The Chief Public Prosecutor's Office has concluded that there is no ground for investigating the remarks of Bayraktar, who was involved in the investigations on December 17-25, 2013. In its decision dated September 27, the Office said, "The same incident was investigated before."
Bayraktar said in an interview, "Whatever is in my file, both wiretaps and technical surveillance, is true." He then backed down from this statement. Following these remarks, the People's Liberation Party (HKP) filed a criminal complaint. With its complaint not turning into an investigation, the party has lodged an appeal, noting that these remarks are "new evidence."
In its petition, the HKP has said that "the prosecutor's office did not see the need to investigate the material facts about avowals and confessions and has ignored them." The party has also demanded that Cemil Çiçek, a current member of the Presidency's High Advisory Board and a former Parliamentary Speaker, be heard as a witness as part of the file.
Speaking about the issue, HKP Vice Secretary General and lawyer Tacettin Çolak has noted that "the investigation files should have been opened again following the new evidence." He has underlined that "the prosecutors who closed the file committed a crime as well."
In its criminal complaint, the HKP demanded that former ministers Erdoğan Bayraktar, Egemen Bağış, Muammer Güler and Zafer Çağlayan be investigated and prosecuted on charges of "establishing an organization to commit crimes", "embezzlement", "corruption/ bribery", "misconduct in office" and "the public officials' failure to report crimes."
What did Bayraktar say?
In an interview published on Diken news website on August 29, 2021, Erdoğan Bayraktar, one of the ministers involved in the "corruption" investigations in December 2013, stated, "Whatever is in my file, wiretaps, technical surveillance and my phone conversations are true from A to Z. The other [ministers' files] may be false, but mine is true."
In the interview, Bayraktan pointed out that he hadn't been charged with corruption and bribery unlike the three other ministers and complained that he had been "put into the same equation as them."
Former Minister of Environment and Urbanization Erdoğan Bayraktar made a new statement about the "corruption" investigations later on
"Anyone who reads the tapes and technical surveillance reports will understand how void was the file and how cruelly was it prepared," he wrote on Twitter on August 31, adding, "Those who do politics as if these files have a point are cruel as those who prepared them."
About December 17-25 period
In what is known today as "December 17-25 investigations" in 2013, the recordings of the the Minister Erdoğan Bayraktar's phone conversations were leaked to the media, along with three other ministers and the then Prime Minister of Turkey Recep Tayyip Erdoğan.

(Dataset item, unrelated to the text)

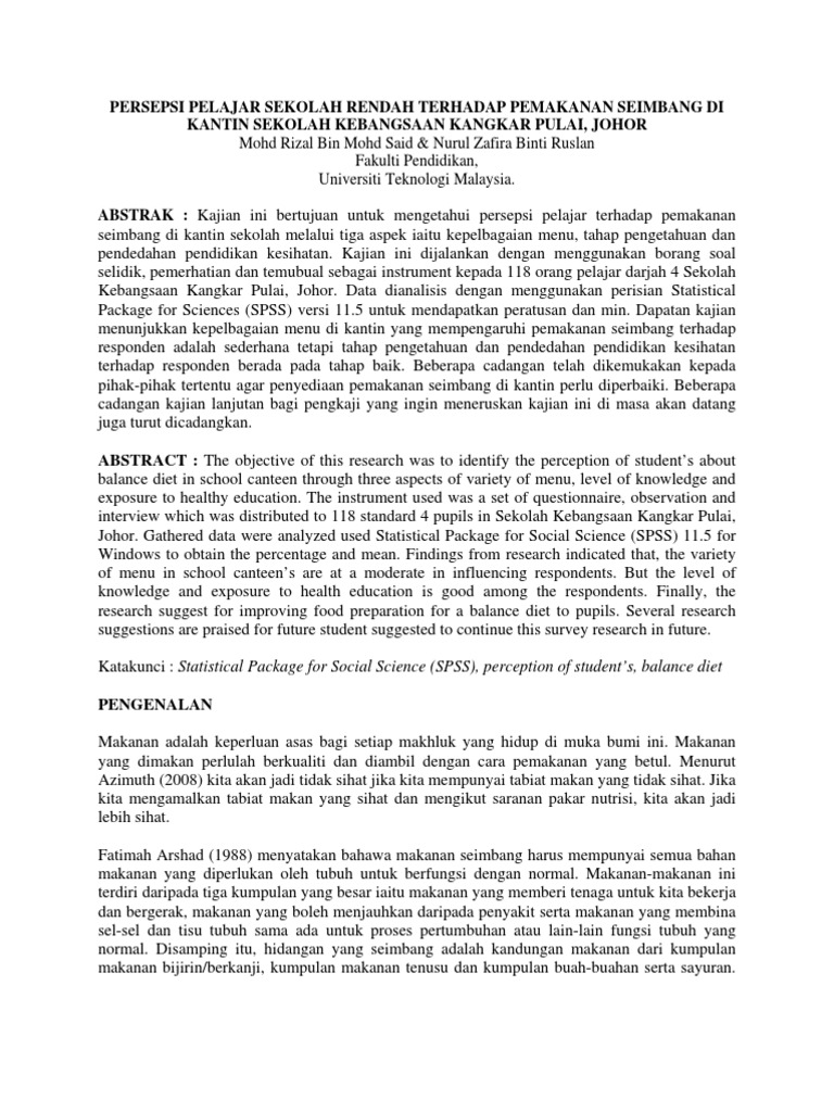 Kesimpulan amalan pemakanan yang sihat. Kesimpulan dan saranan 5 1. Pengawalan pemakanan sebegi menjadikan tubuh seseorang itu tidak terlalu gemuk dan memudahkan mereka untuk menjalankan pelbagai aktiviti terutama aktiviti senaman yang mampu menyihatkan badan pula. Skop yang dikaji dalam kajian ini ialah menentukan tahap pengetahuan pelajar terhadap. Bagi kebanyakan penyakit tertentu amalan pemakanan seseorang mempunyai kaitan rapat dengan penyakit yang dihidapi.

According to the tapes, Abdullah Bayraktar called his father while he was being detained at home on December 17, 2013. After learning about his son's detention, Bayraktar warned two senior ministry bureaucrats to go to the ministry so that they could avoid detention.
Along with Erdoğan Bayraktar, Minister of European Union (EU) Egemen Bağış, Minister of Interior Muammer Güler and Minister of Economy Zafer Çağlayan had to resign after the investigations.

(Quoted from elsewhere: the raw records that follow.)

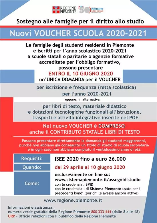 Da oggi si possono inviare le domande on line per partecipare al bando per il #voucherscuola della Regione Piemonte per l'anno scolastico 2020/2021.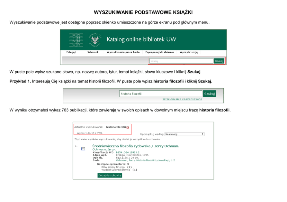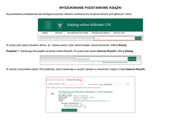 WYSZUKIWANIE PODSTAWOWE KSIĄŻKI Wyszukiwanie podstawowe jest dostępne poprzez okienko umieszczone na górze ekranu pod głównym menu. W puste pole wpisz szukane słowo, np. nazwę autora, tytuł, temat książki, słowa kluczowe i kliknij Szukaj. Przykład 1. Interesują Cię książki na temat historii filozofii. W puste pole wpisz historia filozofii i kliknij Szukaj. W wyniku otrzymałeś wykaz 763 publikacji, które zawierają w swoich opisach w dowolnym miejscu frazę historia filozofii. Powyższe wyniki wyszukiwania porządkowane są wg relewancji, czyli trafności. Jako pierwsze wyświetlane są opisy, w których wyrażenie historia filozofii występuje w polach takich jak tytuł, autor, temat, a następnie w pozostałych polach opisu. Jeśli chcesz inaczej uporządkować wyniki wyszukiwania, skorzystaj z opcji Uporządkuj według, znajdującej się na górze ekranu po prawej stronie i zaznacz odpowiadający Ci sposób. Wśród wyników wyszukiwania dotyczących historii filozofii są 752 książki, 10 czasopism, jedno nagranie dźwiękowe (jeden audiobook). Jeśli interesują Cię tylko książki, spośród opcji dostępnych w fasecie Typ publikacji, znajdującej się w dolnym lewym rogu ekranu, wybierz Książka (752). Otrzymasz wówczas tylko opisy 752 książek zawierających w swoich opisach frazę historia filozofii. Dodatkowo możesz listę wyników zawęzić, zaznaczając odpowiednie pola z innych faset, znajdujących się w lewym pasku ekranu – Autor, Autor (instytucja), Rok wydania, Klasyfikacja Biblioteki Kongresu, Temat polski, Miejsce wydania, Lokalizacja, Język. Przykład 2. Szukasz publikacji, których autorem jest Janusz Tazbir. W puste okienko wpisz Janusz Tazbir i kliknij Szukaj. W wyniku wyszukiwania otrzymałeś wykaz 137 publikacji, których Janusz Tazbir jest autorem, redaktorem, tłumaczem itd. Powyższe wyniki wyszukiwania porządkowane są wg relewancji, czyli trafności. Jeśli chcesz je uporządkować, np. według tytułu, skorzystaj z opcji Uporządkuj według i zaznacz Tytułu. Jeśli interesują Cię tylko publikacje, których Janusz Tazbir jest autorem i/lub współautorem, skorzystaj z fasety Autor, znajdującej się w lewym pasku ekranu i zaznacz Tazbir, Janusz (1927- ). (134) Otrzymasz wówczas opisy 134 publikacji, które spełniają ten warunek.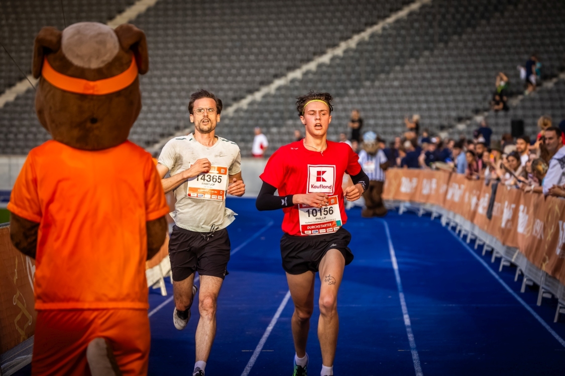 Der emotionale Zieleinlauf im Olympiastadion beim B2Run Berlin 2023 #gemeinsamaktiv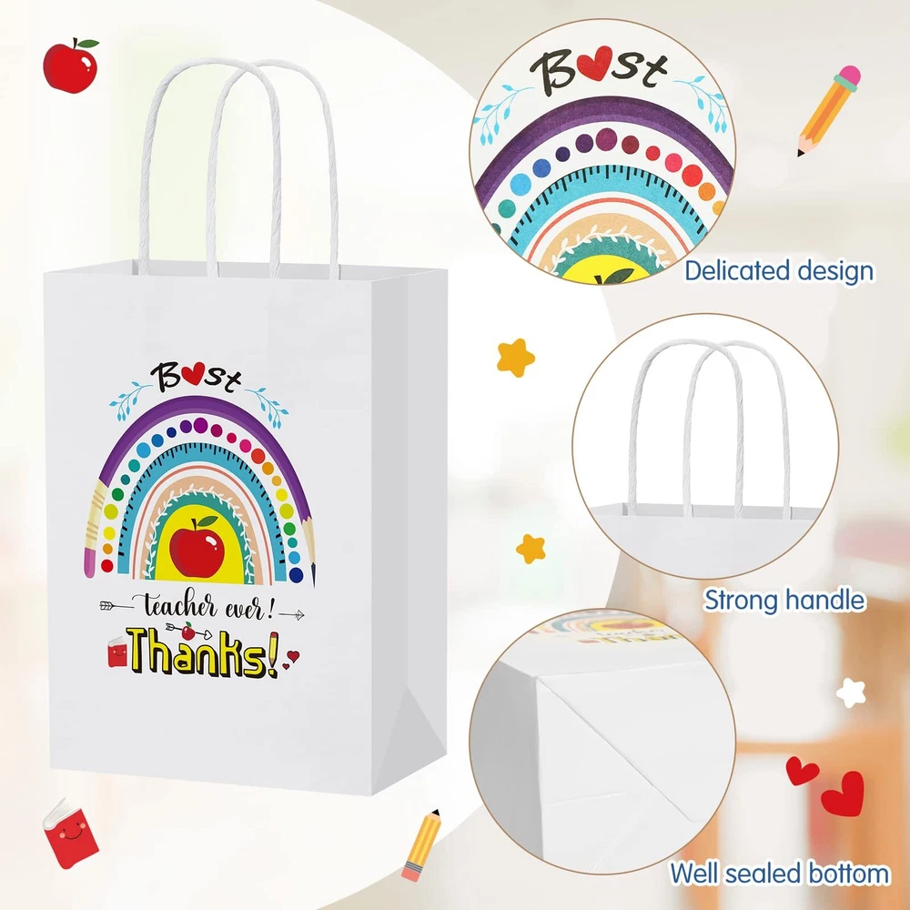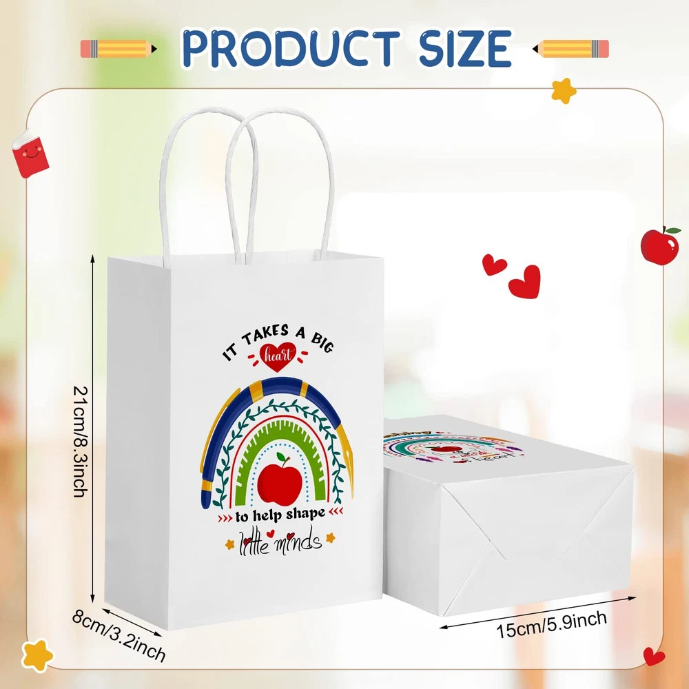 Features: Joyful atmosphere: These cute and funny designed paper party favor bags can put you in a better mood, you can use them to wrap gifts and make the person who receives them happier and feel the sincere thought Easy matching: bags design is simple and easy to match with various gifts, the colors are coordinated and will not stand out, not only as teachers appreciation day gift for teachers, but also for birthday gift packaging, candy bags, shopping bags, etc. Specifications: Material: kraft paper Color: as shown in the picture Size: approx. 15 x 8 x 21 cm/ 5.9 x 3.15 x 8.3 inch Package includes: 24 x Paper bags Notes: Manual measurement, please allow slight errors on size. The color may exist a slight difference due to different screen displays. The words printed on the product are not as trademark or brands, just for decoration. What You Will Receive: you will receive 4 styles, 6 of each style, a total of 24 teacher gift bags; Enough quantity and a variety of styles to meet most of your usage needs; The interesting design on the paper bag can make your mood happy and add fun to your life Size and Material Information: the size of each gifts bags is approx. 15 x 8 x 21 cm/ 5.9 x 3.15 x 8.3 inch; And we apply high impact kraft paper material to make our beautiful bags, the surface is very smooth, better aesthetics, very suitable as a teacher's appreciation day gifts to show sincere thanks and gratitude Reusable and Reliable: our teacher graduation gifts bags are made of high impact kraft paper, which is safe to use; Our products are also suitable for many occasions and can meet most of the daily storage and packaging of small items Gift Bags for Teachers: end of the year gifts for teachers bag printed with the words “T takes a big heart to help shape little minds, Teach Love Inspire, Teaching is a work of heart, Best teacher ever! Thanks!”, which are suitable for teachers of all subjects; You can give them to your male teachers, female teachers, Chinese teachers, English teachers, math teachers, etc Practical and Wide Application: teacher appreciation gift bag with thin paper are accessible for wrapping teacher appreciation day gifts such as flowers, chocolates, scarves, books, clothing, jewelry, home accessories or a range of small items; You can apply this teacher gift bag to wrap or package your gift to make your gift interesting

Announcing his resignation on December 25, Bayraktar said Erdoğan should also resign as everything he did was within his knowledge. He later backed down from this statement and apologized to Erdoğan.

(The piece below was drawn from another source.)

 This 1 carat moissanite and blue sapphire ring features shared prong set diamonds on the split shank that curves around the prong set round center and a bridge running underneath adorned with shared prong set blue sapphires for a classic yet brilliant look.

A parliamentary committee that was set up after the investigations accused Erdoğan Bayraktar of "approving irregular zoning projects" and "condoning the irregularities in some projects in exchange for benefits whose amount could not be determined."
At the time, the ruling Justice and Development Party (AKP) accused its former ally Fetullah Gülen, a US-based former imam who had a large network of followers in state institutions, of plotting to overthrow the government on the pretext of corruption. The investigations were dismissed.
Gülen's group was later designated as the "Fetullahist Terrorist Organization" and is held responsible for the July 2016 coup attempt. Since then, tens of thousands of people have been dismissed from public service for being "FETÖ members." (DŞ/SD)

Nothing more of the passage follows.